Sunday 6 September 2009

British Wildlife: I

Iguanodon anglicus Holl, 1829
Iguanodontidae; Ornithischia; Sauropsida; Chordata

Iguanodon is one of the most well known ornithopods (bird-footed dinosaurs, including 'duck bills' like the hadrosaurs). It was the second dinosaur genus to be officially named (after Megalosaurus) in 1825 by Gideon Mantell. He did, however, neglect to nominate a type species for the genus.

Iguanodon anglicus, the English Iguanodon, was nominated as the type, but the name remains a nomen dubium ('dubious name', meaning it is difficult to assign specimens to that name, due to a lack of unique features). All that was known of I. anglicus at the time was a single tooth.

The species I. bernissartensis Boulenger was chosen as the neotype, and it is probably the most well known species, in terms of number of specimens. Whole skeletons are recognised, many of which being found at the coal mines in Bernissart, Belgium, hence the specific name. This is also the reason why the bones of this species are very dark in colour.

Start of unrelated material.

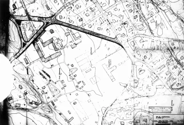 Bygdøy, Oslo 1965. Planlagt vei forbi NF. Kart.

Iguanodontid footprint cast
Compton Bay, Isle of Wight
May 2008

It's hard to appreciate the sheer size of Iguanodon without seeing the whole skeleton, but take this cast of a footprint, taken in situ on the beach in Isle of Wight. A human foot of about size 10 would fit in the middle digit on that footprint. Just three toes can be seen - digits II, III and IV, relating to the middle three digits on a human hand. The famous thumb, consisting of a conical spike, does not make an imprint. The cast was made, completely naturally, by the sediment filling up the original impression made by the dinosaur, over time turning to limestone. The stratum (rock layer) in which the animal walked had been eroded by the waves, leaving the cast behind.

Dentary (lower jaw bone) of Iguanodon sp.
Dinosaur Isle museum, Isle of Wight
May 2008

The name Iguanodon of course means 'iguana tooth'. The similarity was noticed by Mantell when naming the genus back in 1825 between the tooth of the new reptile and those of living iguanas, except the new tooth was much bigger. The animal then had to be huge too, and it was reconstructed as a giant lizard with a long tail, a sprawling build and a horn on its nose. This last detail was added because part of the specimen was a conical bone looking like a horn. Had the skeleton been articulated, like those at Bernissart, it would have been clear to Mantell and others that the bone belonged on the thumb. Not knowing that, he reconstructed the animal with the bone on its nose.

Blue-tailed damselfly
Ischnura elegans (Vander Linden, 1820)
Coenagrionidae; Odonata; Insecta; Arthropoda

There are no tetrapods or other vertebrates native to and currently extant in the UK. There are insects though, so I chose a pretty damselfly to illustrate the letter I. Damselflies make up the suborder Zygoptera ('yoke wing'), and are generally daintier than their more well known relatives, the dragonflies (order Anisoptera - 'unequal wing'). Both types lay their eggs in water, and the young, known as nymphs, lead a carnivorous lifestyle, eating animals many times their size, including fish and amphibians. Once metamorphosed, they become graceful fliers, remaining close to water. When it comes to mating time, the damselflies will form what is known as a mating wheel. This involves the male hooking the tip of his abdomen to the back of the female's head. This appears to the uninitiated to be how the male fertilises her eggs. Of course not, silly! The 'wheel' part involves the female hooking up the end of her abdomen to the front of the male's abdomen, where his genitalia are. The male will still be attached to the female's head for a while after mating, and this can be seen easily when looking out for the insects by the waterside in summer.

Ingrailed clay
Diarsia mendica Fabricius, 1775
Noctuidae; Lepidoptera; Insecta; Arthropoda

Another insect for the letter I, this time a lepidopteran ('scaly wing'). Lepidopterans are better known as the butterflies and moths. The ingrailed clay is of the latter type, in the family of moths known as noctuids. I don't have much to say about this species unfortunately.

Next week: J; an agnathan, a corvid and an unusual woodpecker.


traumador said...

i know its been a few letters since i commented, but seriously i've been keeping up (just been busy with lots of other things!)

go iguanadon! also fun to hear about the local bug life in britian.

a quick humble request, if there are any kingfishers in the UK would you be able to include them? i have recently developed an obsession with the little (or in aussie's case huge) guys... would love to learn more about them across the world

m said...

Thanks for commenting, glad you're following the series. I'm surprised it's been this popular so far. Just hope no-one starts snoring before I reach Z!

Yes, in two weeks you will hopefully get your wish!

Zachary Miller said...

Iguanadon is one of the more "vanilla" ornithopods, but it's impressive nonetheless.